Problem to solve — Write an exact copy of the entries below that leaves out all pictures.

Material to process —
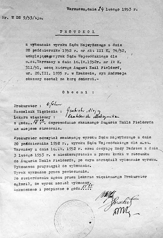 Protokół wykonania kary śmierci na generale Auguście Emilu Fieldorfie "Nilu".
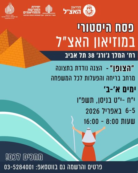 פרטים והרשמה גם בווטסאפ: 03-5284001
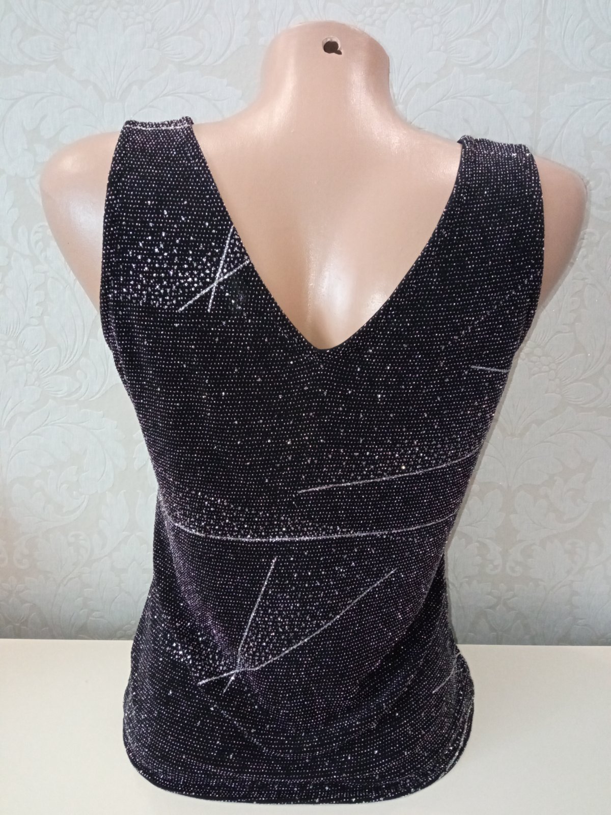 Čierno-strieborný elegantný trblietavý top s hlbokým výstrihom.
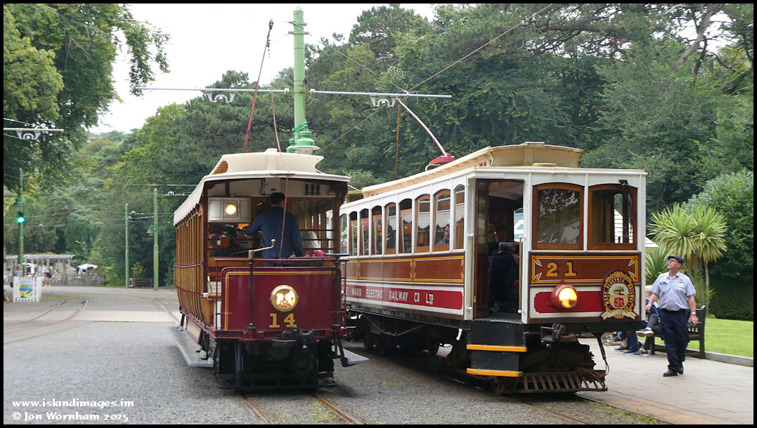 Manx Electric Railway Cars No 14 and 21 in Laxey Station. As part of the Transport Festival, No 14 is operating a shuttle service between Laxey And Groudle.
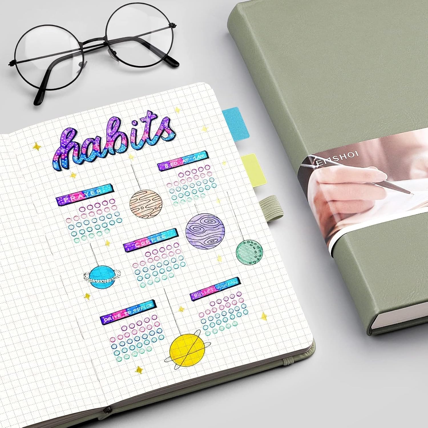 - A5 Graph Journal Features: Each A5 graph notebook comes with an Elastic Closure, 1 Pen Holder Loop, 2 Bookmarks,1 Back Pocket, Free Sticky Notes and humane Rounded Arc Corner Design

Reply —
 Protokół wykonania kary śmierci na generale Auguście Emilu Fieldorfie "Nilu".
 פרטים והרשמה גם בווטסאפ: 03-5284001
 Čierno-strieborný elegantný trblietavý top s hlbokým výstrihom.
 Manx Electric Railway Cars No 14 and 21 in Laxey Station. As part of the Transport Festival, No 14 is operating a shuttle service between Laxey And Groudle.
 - A5 Graph Journal Features: Each A5 graph notebook comes with an Elastic Closure, 1 Pen Holder Loop, 2 Bookmarks,1 Back Pocket, Free Sticky Notes and humane Rounded Arc Corner Design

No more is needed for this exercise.